NO WRITER ATTRIBUTED

Stanley Hoffmann, professor of Government, said last night the United States should negotiate an agreement with the Viet Cong and withdraw all U.S. troops from Vietnam as soon as possible.

"Saving face, even if one doesn't save much else," is something, he said.

Hoffmann spoke at a forum on Vietnam at the Unitarian Church on Church Street. Speaking with him were Mark Mancall, research fellow at the East Asian Research Center, and David McReynolds, field secretary of the War Resister's League.

The war as it is being waged now, Hoffmann told the audience of over 300 people, cannot be won without the support of the population--"something it is evident the United States doesn't have."

Hoffmann also rejected the possibility of extending the war, saying that we can do this "only if we are willing to accept the risk of nuclear war." The American public is unwilling to do this, he said.

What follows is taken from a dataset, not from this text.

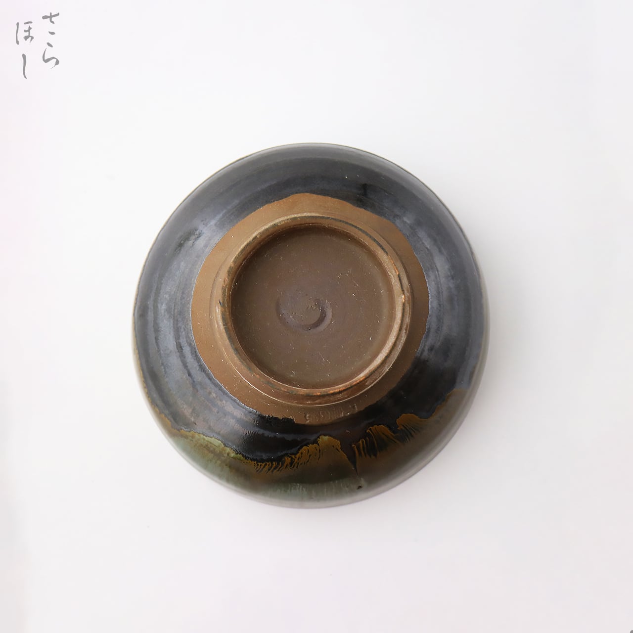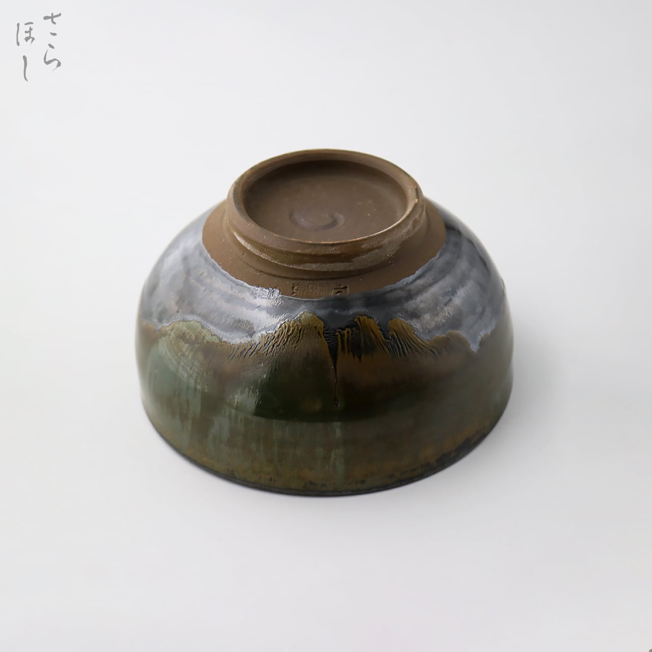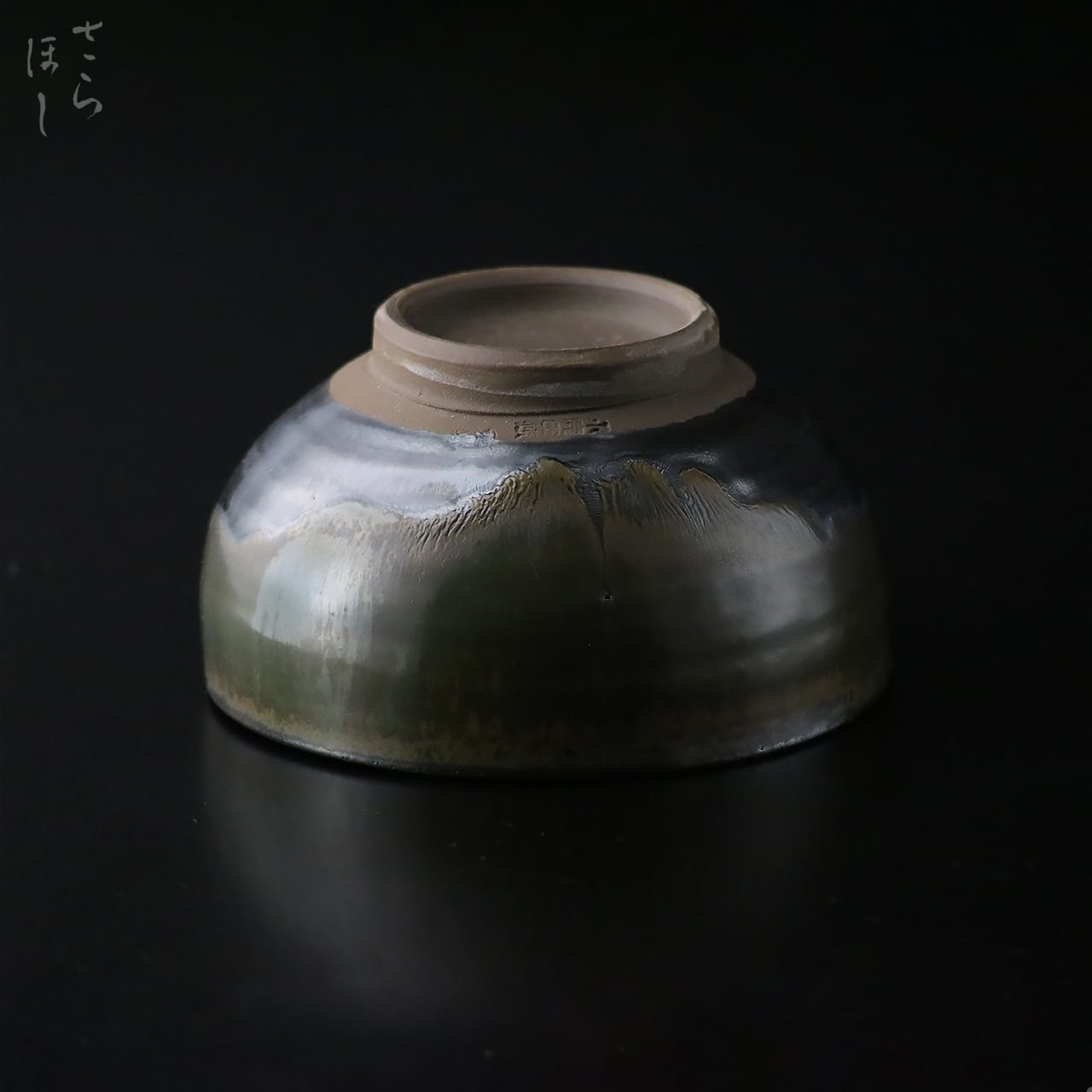 抹茶碗はお茶をいただいた後に茶碗を鑑賞するという所作があり、作り手の拘りが注ぎ込まれています。地元で採取された材料で作られた真黒釉、青磁釉が登り窯で焼かれ、光沢、立体感のある独特な深みのある景色を描いています。真黒釉の上から青磁釉(緑釉)が登り窯の自然の炎に溶け、口縁から内外になだれ、外側下方では山脈のような見事な風景を描いています。高台部分に銘「鹿峰」が打ってあります。

"If there is no good solution," Hoffman concluded "we must look for the best bad one." He urged that the U.S. negotiate a treaty under which South Vietnam would remain neutral and would not be permitted to unite with North Vietnam.

Under these conditions, he said, our military position would not be dangerously weakened by withdrawal of troops as long as we strengthened our forces in more friendly areas of East Asia.

McReynolds argued for U.S. withdrawal from Vietnam on moral grounds. He maintained that the Viet Cong is essentially a popular movement made up of, and supported by, South Vietnamese and that the United States therefore has no right to interfere.

Our interference, he said, is causing unbearable hardship for the people in Vietnam. "There is no doubt," he asserted "that we are dropping napalm bombs on non-military targets. There comes a point when you ask whether the Communists would do anything which we are not already doing. If the answer is no, you move out."

Mancall adopted a somewhat more cautious attitude toward the possibility of U.S. troop withdrawal. He suggested that the "dominoe theory" might apply to this situation--that if we let one nation fall, others may fall with it. Nevertheless, he too favored initiating some sort of negotiations.